Once the alcohol had worked its magic on her mind and body, and her security routine was complete, Larkin would return to her bedroom where she would finally fall asleep.
But that’s when the nightmares came.
Men, their faces covered with black cloth, riding in the back of green pickup trucks. Angry shouts in Dari and Pashto, their meaning clear even without translation. The flash of sun bouncing off the barrel of a weapon on a rooftop. Explosions.
There was always an explosion.
And the cotton-in-her-ears aftermath where she was disoriented and terrified.
Body parts. Blood. Fire. Pain.
She jerked awake and felt the sticky dampness of sweat. It was still dark. Still night.
Kicking off the covers, Larkin reached blindly for the bottle on her nightstand and drank until it was empty. Exhausted but afraid to close her eyes, she laid her cheek on a cold spot at the edge of her pillow and stared at the sliver of moonlight that edged along the side of the window blinds. She just had to hold on until morning.
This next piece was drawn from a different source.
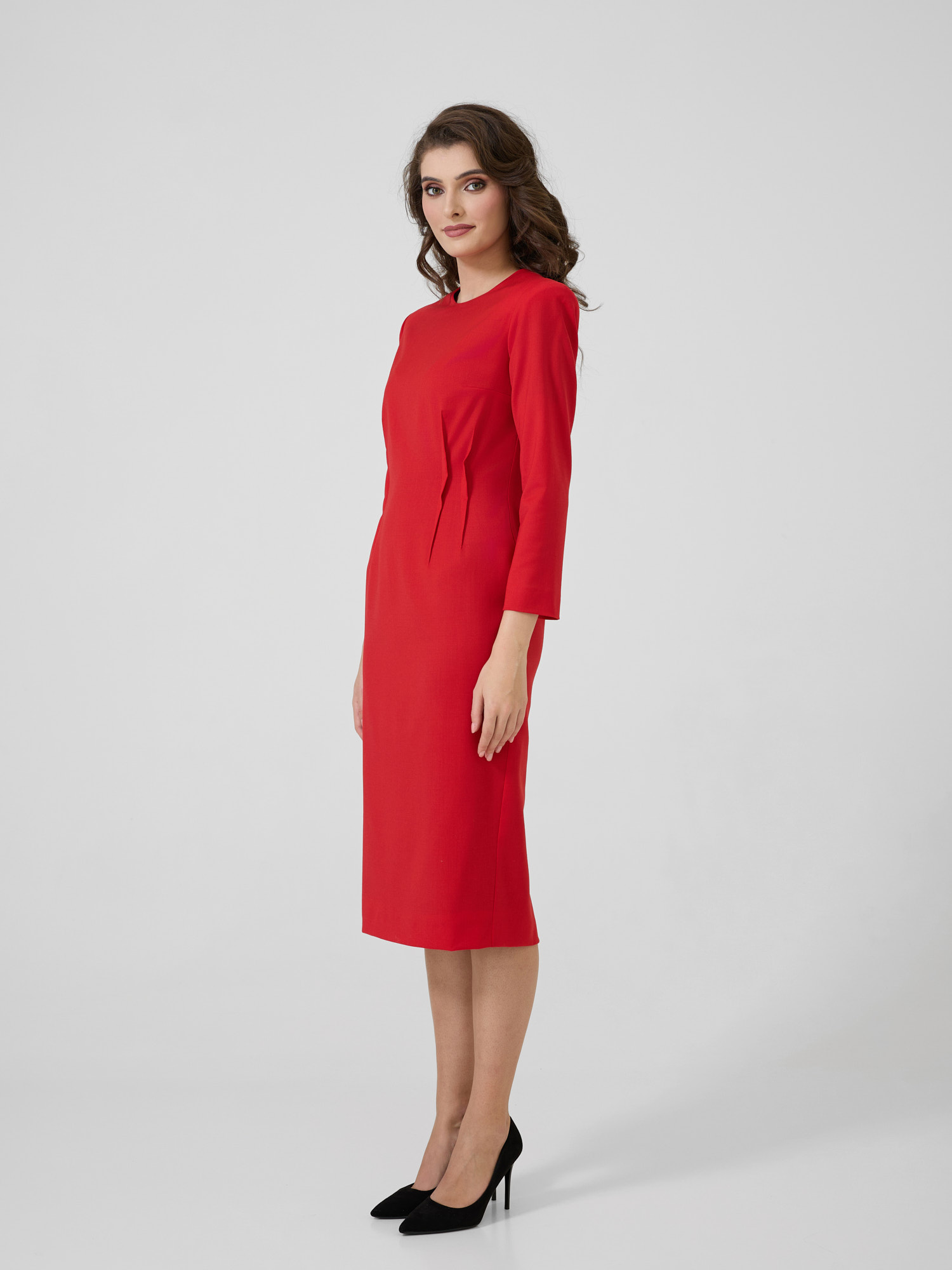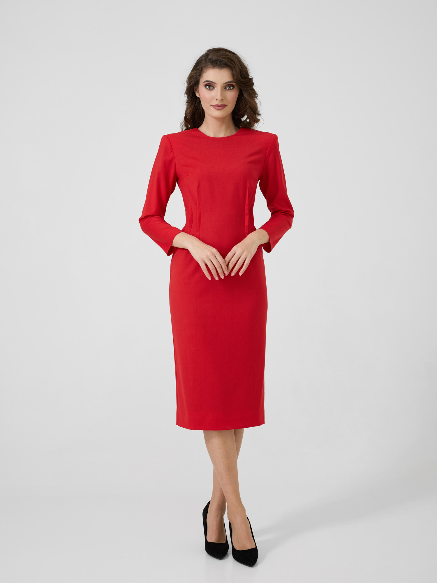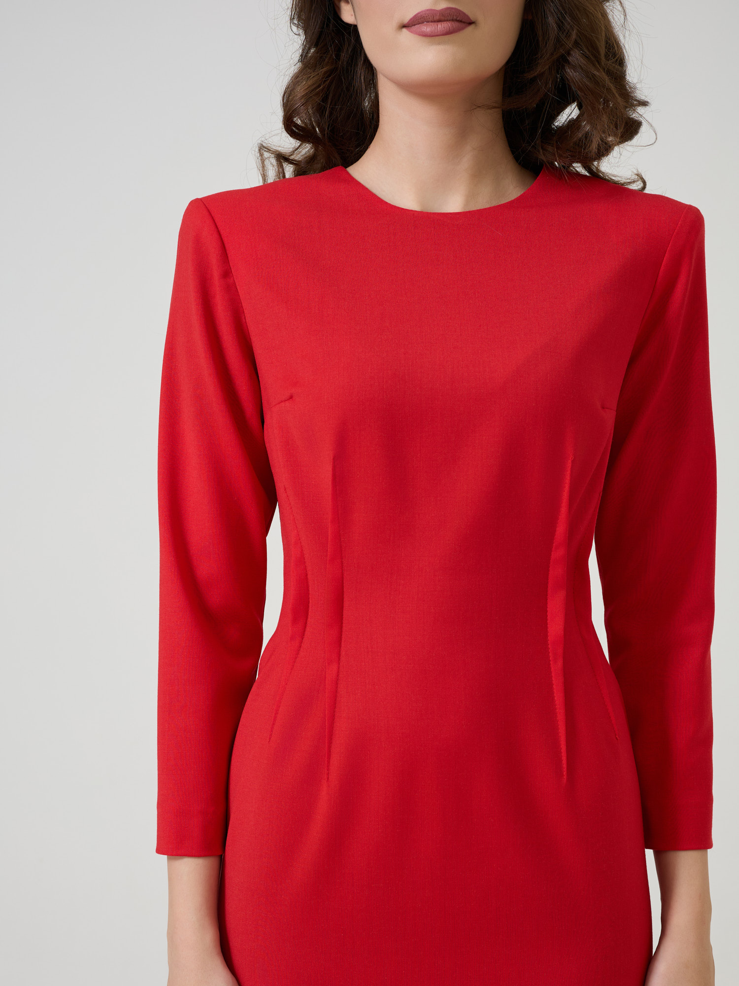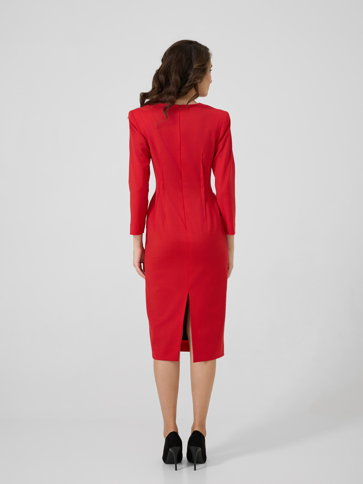 Rochie midi din lână cu umeri sculpturali.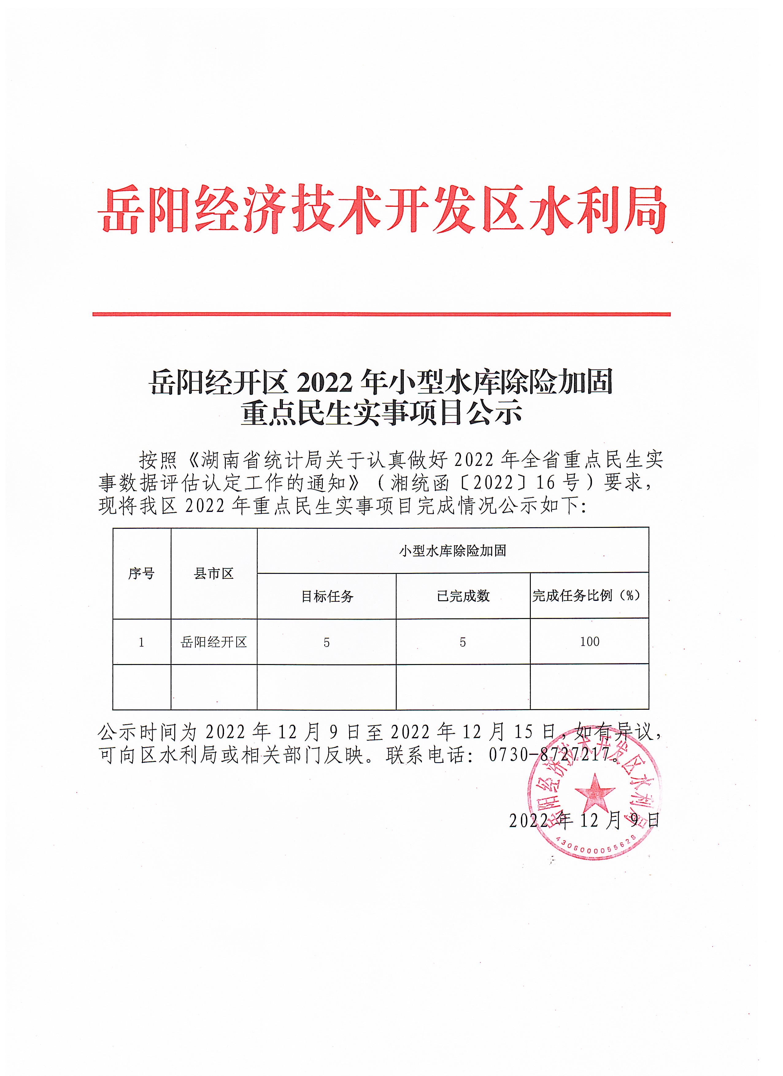 岳阳经开区2022年小型水库除险加固重点民生实事项目公示

Her nightmares weren’t quite as bad when she slept during the daytime.
She was still awake when she heard Kaia pass her closed bedroom door and leave for work and a little bit later when Grams went downstairs and brewed coffee, the scent wafting up the stairs and under Larkin’s bedroom door.
Even though winter darkness still hovered over the house, the gray light of coming morning had replaced the silver moonlight. Daytime was here.
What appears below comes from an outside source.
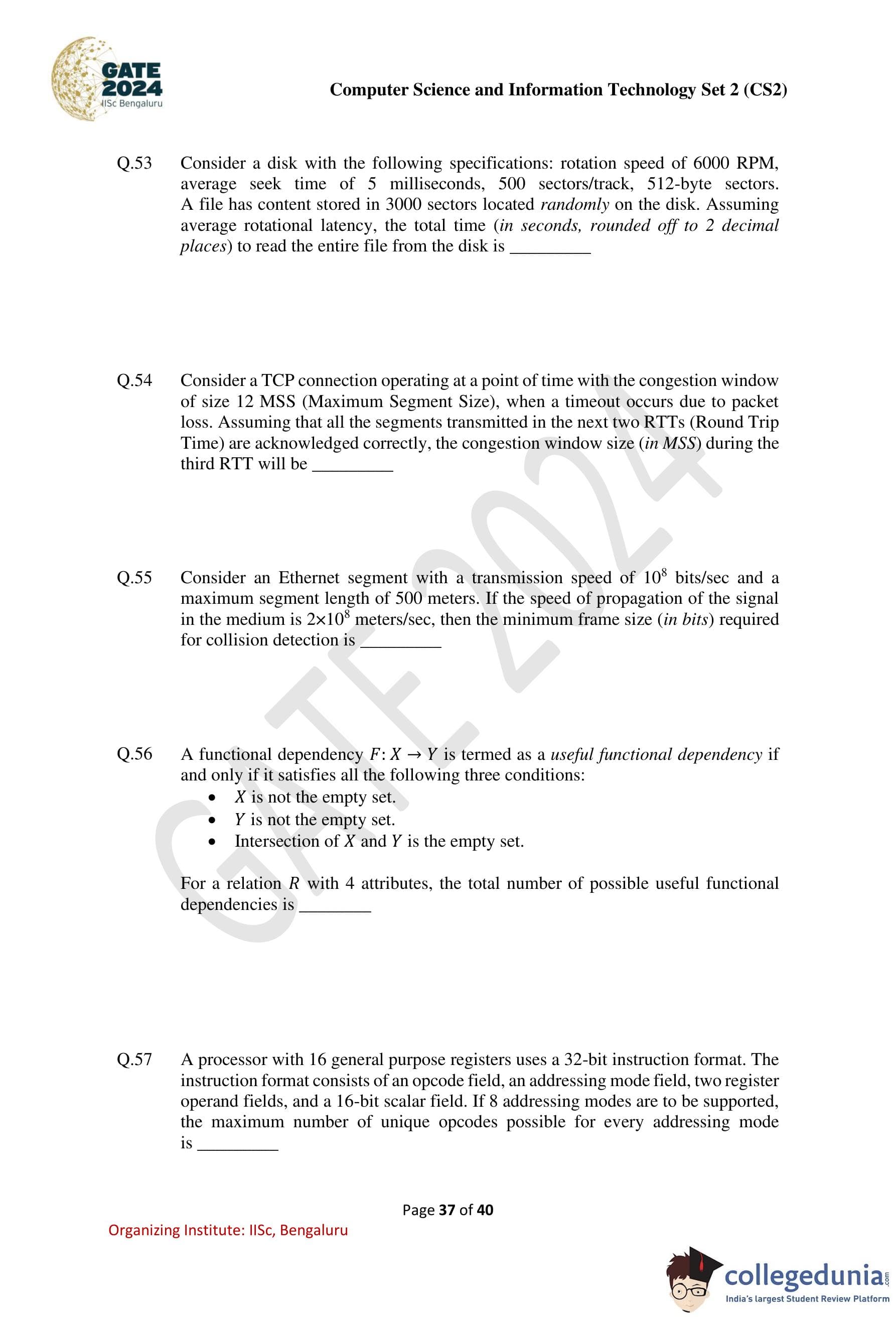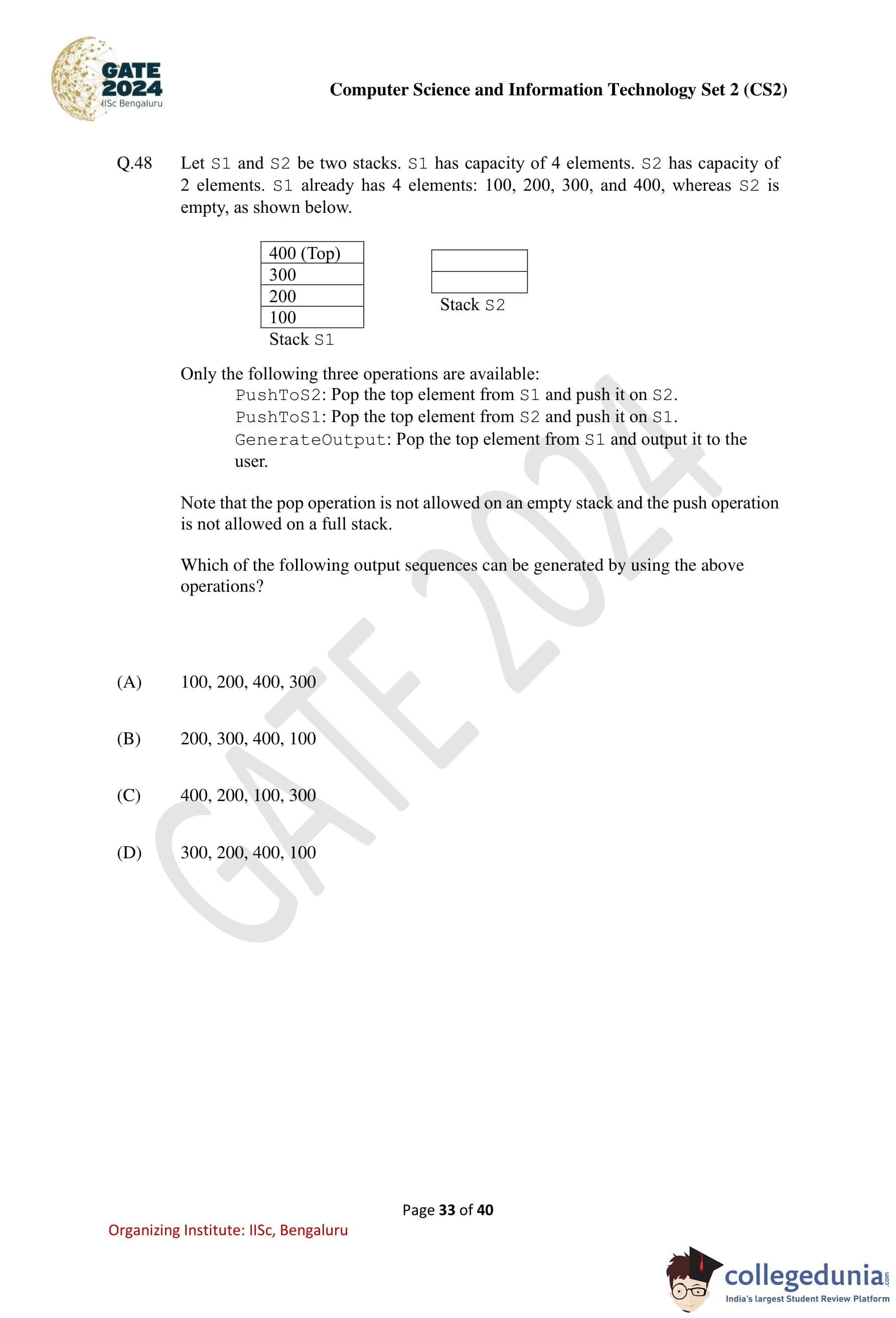 GATE 2024 CSE Slot 2 Questions with Solutions

With a sigh of relief, Larkin let sleep claim her.
Hours later, something bumped into the bed and Larkin woke with a start.
“I thought Grams was exaggerating when she told me you sleep all day, but I guess she was right.” Jenna sat on the bed at Larkin’s feet. “What should we do? I took the afternoon off—a perk of being married to the boss’s son—and I’m all yours.”
Jenna managed accounts receivable at the plastic tubing company her husband’s family owned. Even though she sounded like blowing off work was no big deal, Larkin knew Jenna took her job seriously. She could even be called a workaholic. It was a big deal that she’d left work to see Larkin.
Larkin rolled over and squinted at the clock. Thirteen hundred hours. Groaning, she rested her arm over her eyes to block out the light, as dim as it was, that was making her head hurt. “Where’s Grams?”
“Working at the holiday bazaar at the Hollywood Schoolhouse. She said she’ll bring pizza home for dinner.”